Data for processing
┌──

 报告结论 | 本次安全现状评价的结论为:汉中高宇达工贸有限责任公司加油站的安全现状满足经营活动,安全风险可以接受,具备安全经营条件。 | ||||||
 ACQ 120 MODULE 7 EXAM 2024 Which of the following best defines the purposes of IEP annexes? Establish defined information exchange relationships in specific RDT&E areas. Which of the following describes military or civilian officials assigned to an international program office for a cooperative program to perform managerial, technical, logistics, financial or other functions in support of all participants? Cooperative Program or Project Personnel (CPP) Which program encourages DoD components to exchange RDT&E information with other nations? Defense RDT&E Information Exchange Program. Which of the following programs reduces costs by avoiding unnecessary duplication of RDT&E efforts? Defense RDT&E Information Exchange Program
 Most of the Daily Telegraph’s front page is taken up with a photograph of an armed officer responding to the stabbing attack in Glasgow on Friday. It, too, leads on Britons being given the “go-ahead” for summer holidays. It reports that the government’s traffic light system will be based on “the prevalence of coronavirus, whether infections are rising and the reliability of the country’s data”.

└──
┌──

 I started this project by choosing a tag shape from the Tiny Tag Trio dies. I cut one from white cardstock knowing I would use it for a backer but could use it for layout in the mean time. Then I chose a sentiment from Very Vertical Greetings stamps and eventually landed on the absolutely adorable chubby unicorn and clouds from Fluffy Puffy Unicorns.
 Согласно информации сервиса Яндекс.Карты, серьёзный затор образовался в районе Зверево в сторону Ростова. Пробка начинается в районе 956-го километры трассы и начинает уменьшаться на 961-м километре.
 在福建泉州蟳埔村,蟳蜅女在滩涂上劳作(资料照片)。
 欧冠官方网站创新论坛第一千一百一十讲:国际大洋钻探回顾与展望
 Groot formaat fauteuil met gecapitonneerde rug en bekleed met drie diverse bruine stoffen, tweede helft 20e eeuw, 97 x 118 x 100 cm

└──
┌──

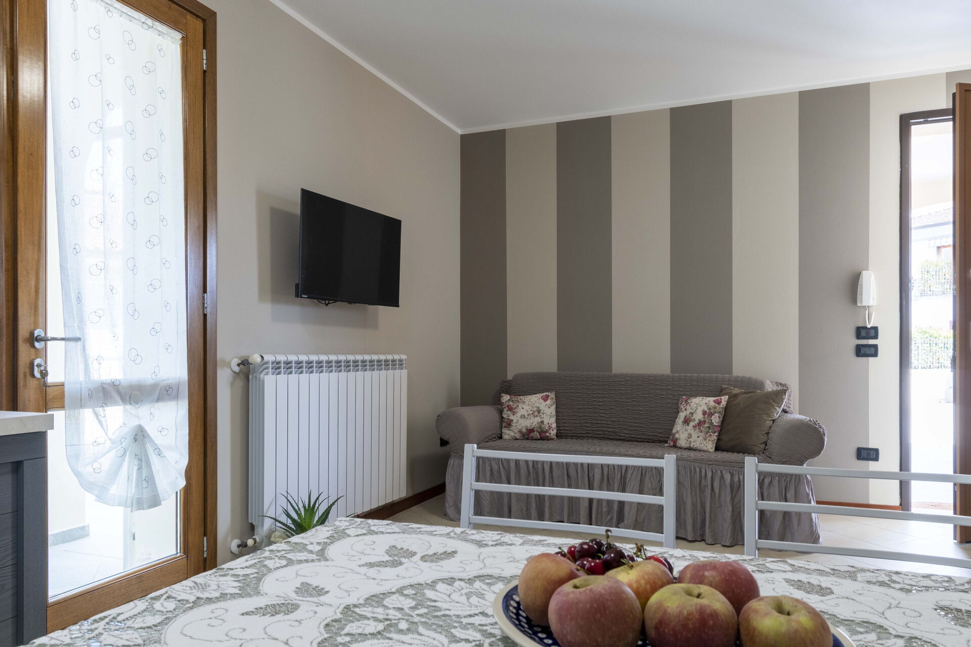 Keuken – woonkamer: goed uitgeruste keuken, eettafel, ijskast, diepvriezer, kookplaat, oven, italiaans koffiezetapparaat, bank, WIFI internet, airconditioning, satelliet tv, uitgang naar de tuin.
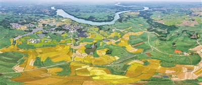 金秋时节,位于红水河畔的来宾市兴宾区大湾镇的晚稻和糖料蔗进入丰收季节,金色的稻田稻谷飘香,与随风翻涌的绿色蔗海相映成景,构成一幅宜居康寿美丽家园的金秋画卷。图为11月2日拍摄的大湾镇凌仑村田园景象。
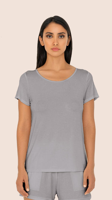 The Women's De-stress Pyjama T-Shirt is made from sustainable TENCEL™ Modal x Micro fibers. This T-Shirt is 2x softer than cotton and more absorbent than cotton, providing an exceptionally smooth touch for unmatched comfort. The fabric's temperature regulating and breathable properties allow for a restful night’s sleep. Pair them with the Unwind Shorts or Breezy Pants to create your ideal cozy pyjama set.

└──

Exercise goal
Above are records; write out the lines from the one with "Keuken – woonkamer: goed" down to the one with "The Women's De-stress", exactly, leaving the pictures out.

Task output
 Keuken – woonkamer: goed uitgeruste keuken, eettafel, ijskast, diepvriezer, kookplaat, oven, italiaans koffiezetapparaat, bank, WIFI internet, airconditioning, satelliet tv, uitgang naar de tuin.
 金秋时节,位于红水河畔的来宾市兴宾区大湾镇的晚稻和糖料蔗进入丰收季节,金色的稻田稻谷飘香,与随风翻涌的绿色蔗海相映成景,构成一幅宜居康寿美丽家园的金秋画卷。图为11月2日拍摄的大湾镇凌仑村田园景象。
 The Women's De-stress Pyjama T-Shirt is made from sustainable TENCEL™ Modal x Micro fibers. This T-Shirt is 2x softer than cotton and more absorbent than cotton, providing an exceptionally smooth touch for unmatched comfort. The fabric's temperature regulating and breathable properties allow for a restful night’s sleep. Pair them with the Unwind Shorts or Breezy Pants to create your ideal cozy pyjama set.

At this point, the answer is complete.